What is a Quality Management System (QMS) for pharma and MedTech?

A Quality Management System is the structured set of policies, procedures, records, and controls that ensure products are consistently manufactured, stored, and distributed in line with regulatory and safety requirements. In pharma and MedTech, a QMS typically aligns with standards such as ISO 13485 and GMP, covering document control, risk management, training, CAPA, audits, and continual improvement.

Do I need ISO 13485 certification to market medical devices or IVDs in South Africa?

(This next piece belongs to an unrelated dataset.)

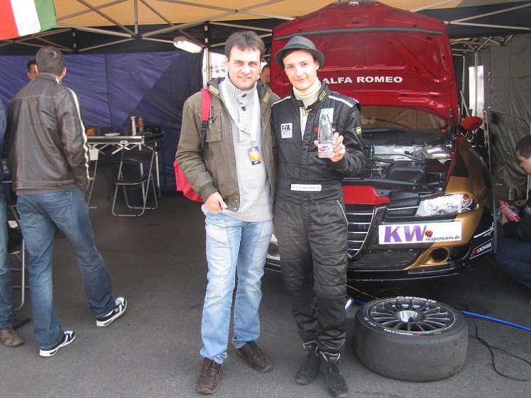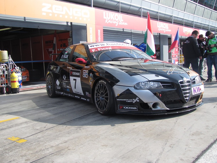 Al venerdì, primo giorno in cui ci siamo recati in autodromo, vediamo la vettura dell’XFX Unicorse per la prima volta: stupenda!! Nel guardarla rabbrividiamo, da subito ci tornano in mente tutte le battaglie in pista, le vittorie, i sogni che questa vettura ha fatto vivere! Ci ricorda tutti i pilotissimi che Lei ha avuto nei dieci anni in cui è stata protagonista ufficiale con l’Alfa Romeo nei campionati più importanti. La cosa che più mi colpisce è di come una vettura così datata è ancora capace di emozionare, incuriosire i passanti e lasciarti senza fiato per la sua bellezza! La 156 del team ungherese è quella del WTCC del 2007 della N-Technology, che era guidata da James Thompson. La vettura adesso ha una livrea nera, ma presenta all’interno e sotto i cofani ancora il rosso Alfa, così come per gli specchietti. Il paraurti posteriore è il nero originale della vettura del 2007, che era scura nella parte inferiore. Il pilota che guiderà la 156 per tutto l’ETCC è il quindicenne Ferenc Ficza. Un altro vero record quindi per questa macchina che porta al debutto il pilota più giovane nella storia di un campionato turismo FIA.

For medical devices and IVDs, ISO 13485 is increasingly treated as the baseline quality standard. SAHPRA has issued guidance indicating that ISO 13485 certification is a prerequisite for certain medical device establishment licences, and many regulators and customers expect it for market access. GH Strategies helps organisations design, implement, and maintain ISO 13485-aligned QMSs that support both SAHPRA licensing and broader global market entry.

How long does it take to implement an ISO or GMP-compliant QMS?

Timelines depend on company size, existing systems, and product complexity. Many organisations require several months to move from gap assessment to a functioning ISO 13485 or GMP-compliant QMS, with typical implementation cycles often ranging from three to six months when the project is properly resourced. GH Strategies uses structured gap assessments, prioritised action plans, and staged implementation to shorten timelines and reduce rework.

How can quality and compliance consulting help us prepare for GMP, GDP, or ISO audits?

A specialist quality and compliance consultant provides an independent view of your systems, identifies gaps, and helps you correct them before authorities or certification bodies arrive on site. This support usually includes mock audits, documentation reviews, staff training, CAPA planning, and readiness reports that mirror real inspection criteria, which significantly improves audit outcomes and reduces the risk of critical or major findings.

What is the difference between ISO 13485, GMP, and GDP, and how do they work together?

ISO 13485 is an international QMS standard specific to medical devices and IVDs, while Good Manufacturing Practice focuses on how medicines and certain health products are manufactured, and Good Distribution Practice governs storage, handling, and distribution activities. Together, these frameworks ensure that products are designed, produced, stored, and delivered in a way that protects patient safety and meets regulatory expectations. GH Strategies designs integrated systems that align with all three where required, rather than treating them as separate, conflicting requirements.

What are the key steps to getting ready for an external certification or regulatory audit?

Typical preparation steps include a structured gap assessment against the relevant standard or guideline, remediation of identified gaps, validation or qualification of critical processes, internal audits, and targeted training for staff who will interact with inspectors. GH Strategies supports clients through each of these steps, including mock inspections and evidence preparation, so that quality and compliance can be demonstrated clearly and confidently during ISO, GMP, GDP, or regulatory audits.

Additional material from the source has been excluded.